We won't fess up though, if we think that we'll be blamed. If getting the Wooster aunt wrong was a shouting, suing or sacking offence at The Indy, then the chances are that I would either avoid literary allusions altogether, or – if it all went tits-up – accuse the poor bloody subs of not being sufficiently diligent.
The same is true in spades in a profession where small errors can end up having enormous consequences. The NSPA study and its methodology are therefore of exceptional importance in discovering and helping to reduce the number of adverse incidents.
We only have to look over at the sterile spectacle of the law-and-order debate to see how little good the blaming business does. As with the medical professions, most lawyers do their job within the culture and the rules that were there when they arrived. The NSPA understands this. On its website it says: "identifying and addressing dysfunctional systems is... the key to reducing future risk of harm for many NHS patients and is the ethos behind the new national system for reporting adverse incidents..." The website does not talk about seeking out sloppy docs and giving them the boot. The same goes for briefs.
I do have a caveat in this happy argument. As ever these days, the leaking of the provisional NSPA report led to claims that the Government was seeking to suppress bad news about the NHS. Since the Department of Health set up the NSPA with the specific remit to carry out such a study and publish its findings, this accusation is some way off the mark, as Sir Liam himself has explained.
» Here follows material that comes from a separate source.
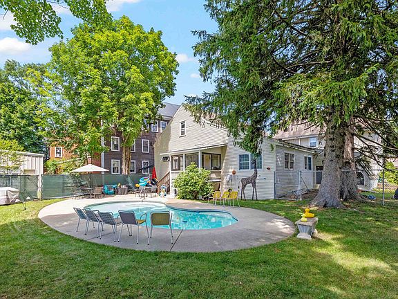 Step into timeless elegance with this exquisite antique colonial home, offering a gracious floor plan and a host of distinctive features. The property welcomes you with a covered wrap-around porch, perfect for enjoying serene afternoons. The level and grassy fenced-in yard with an in-ground gunite pool, provides a private oasis for relaxation and enjoyment. The interior of the residence showcases classic details including a grand marble fireplace, beautiful wood floors, and a walk in pantry, enhancing the home's historical allure. The home offers 6 spacious bedrooms and 2 bathrooms, complemented by a range of inviting spaces, including a serene solarium and a richly appointed library for quiet reading and reflection. The large post-and-beam barn adds a touch of rustic charm, with soaring ceilings and a partially finished space above that offers endless possibilities. This colonial residence masterfully combines historical charm with contemporary amenities, making it a unique and captivating home. Located in the downtown village of Farmington, NH where you can find a golf course, shopping, dining and quick access to the HWY.

Because this study is so unique and the reporting on which it is based so far from uniform, it was not unreasonable for the authorities to cavil at publishing the raw data. But the story, surely to God (and here, as so often, I cast my eyes towards the editor of the Today programme, Rod Liddle) was what the study told us about the NHS and how to improve things. So Rod, can you get your editorial staff to read something other than the Daily Mail? Myself, I blame that Greg Dyke.